WORK ITEM |
Where a picture appears in the data below, exclude it; restate everything else word for word.

AVAILABLE DATA |
_ _ _ _ _
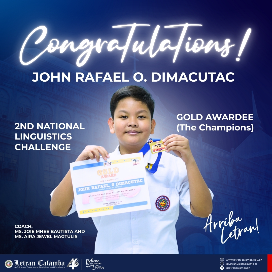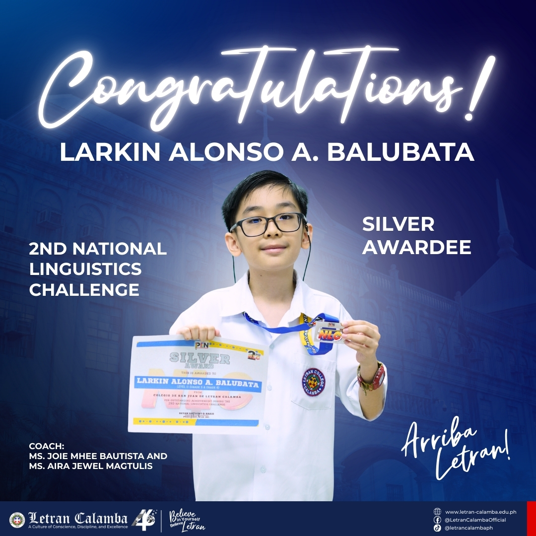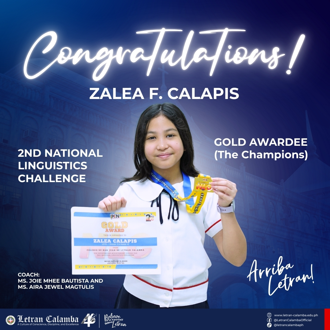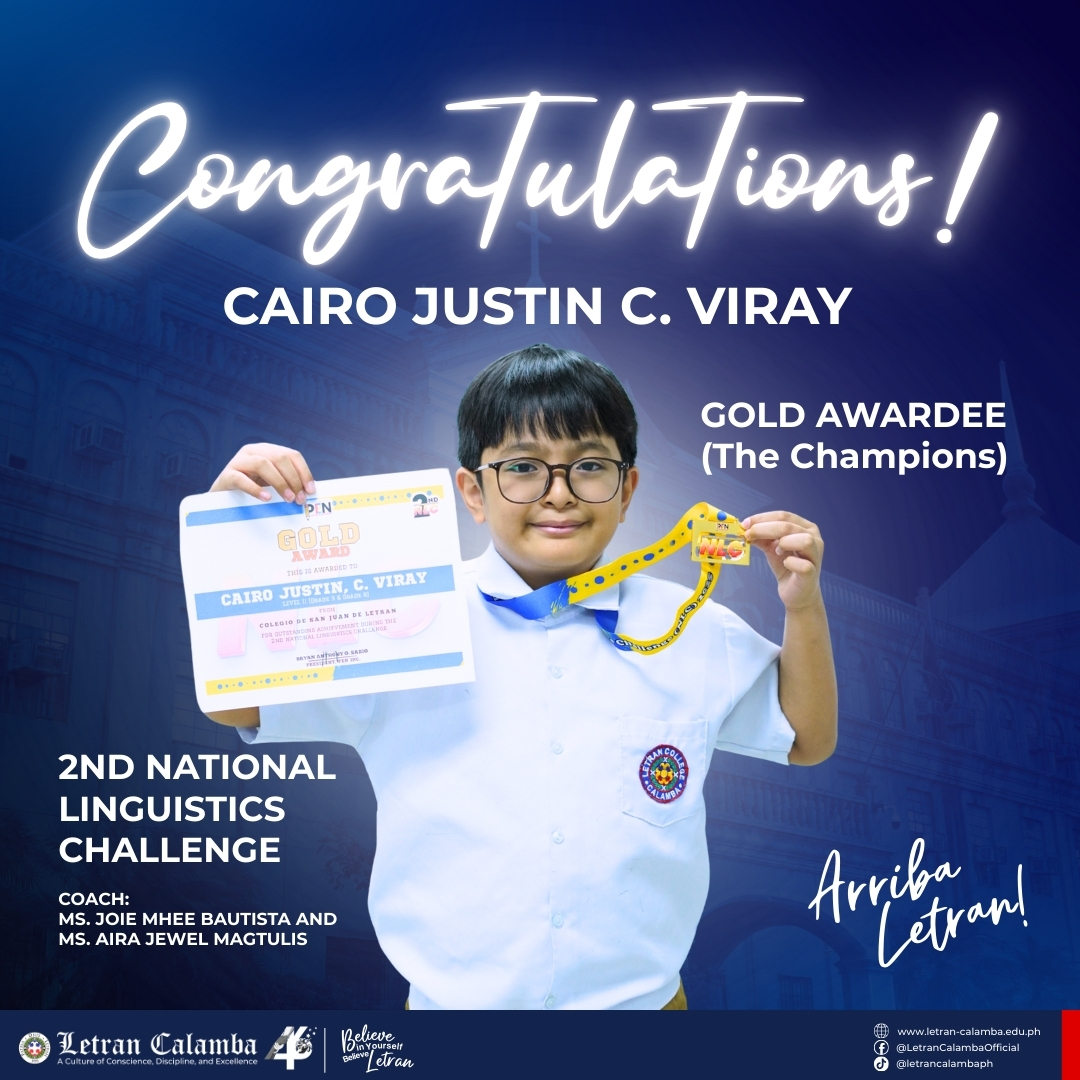 Colegio de San Juan de Letran Calamba proudly celebrates the exceptional achievements of our Basic Education Grade School learners in the 2nd National Linguistics Challenge held on November 16, 2025.
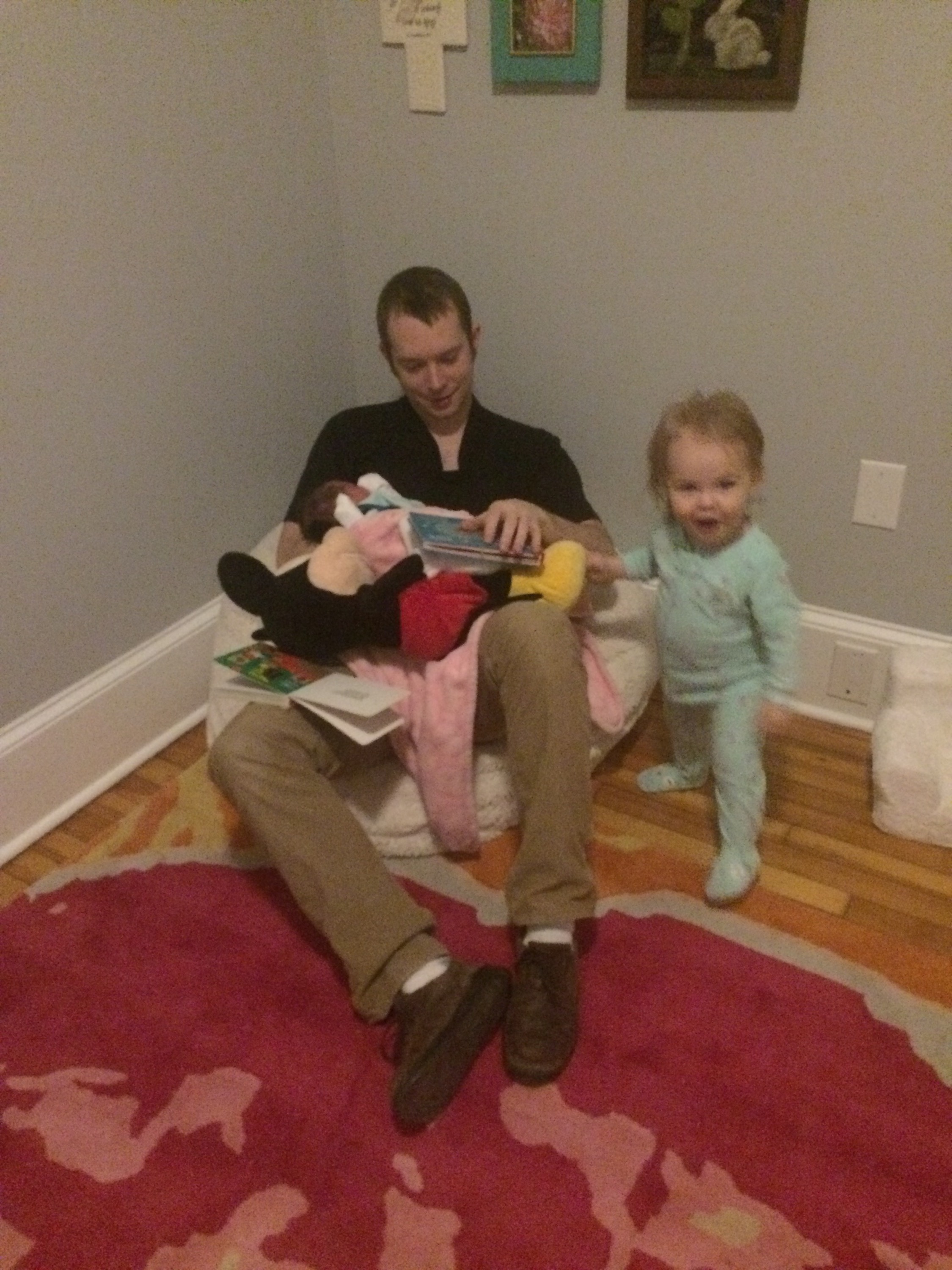 The next couple hours we basically just prepared because my contractions started ramping up again as soon as I left the hospital. Chris played with Helen Jeanette some while I packed a few last minute things and then Chris and I headed to target to pick out a gift for Helen Jeanette from Killian. We had a good time selecting way too many toys and books and then narrowing it down to a big stuffed Mickey (thanks to some Christmas books from Uncles Daniel and Rhys she says ‘mickey’ excitedly whenever she sees him) and two books. This was still probably 2 items too many but books are my weakness because they’re educational and when we get new books we don’t have to read the old ones quite as often.
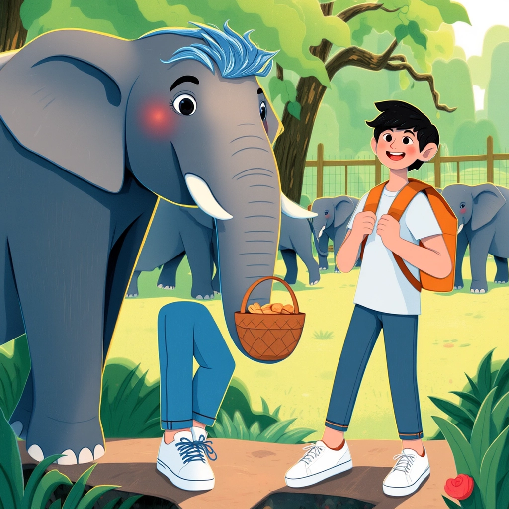 Later, they fed the elephants! [Ben](TW5Z2WK4) handed [Emory](BQTW9327) a small basket of peanuts, and [Emory](BQTW9327) giggled nervously when a gentle elephant trunk grabbed the treat.
_ _ _ _ _
EXERCISE RESULT |
 Colegio de San Juan de Letran Calamba proudly celebrates the exceptional achievements of our Basic Education Grade School learners in the 2nd National Linguistics Challenge held on November 16, 2025.
 The next couple hours we basically just prepared because my contractions started ramping up again as soon as I left the hospital. Chris played with Helen Jeanette some while I packed a few last minute things and then Chris and I headed to target to pick out a gift for Helen Jeanette from Killian. We had a good time selecting way too many toys and books and then narrowing it down to a big stuffed Mickey (thanks to some Christmas books from Uncles Daniel and Rhys she says ‘mickey’ excitedly whenever she sees him) and two books. This was still probably 2 items too many but books are my weakness because they’re educational and when we get new books we don’t have to read the old ones quite as often.
 Later, they fed the elephants! [Ben](TW5Z2WK4) handed [Emory](BQTW9327) a small basket of peanuts, and [Emory](BQTW9327) giggled nervously when a gentle elephant trunk grabbed the treat.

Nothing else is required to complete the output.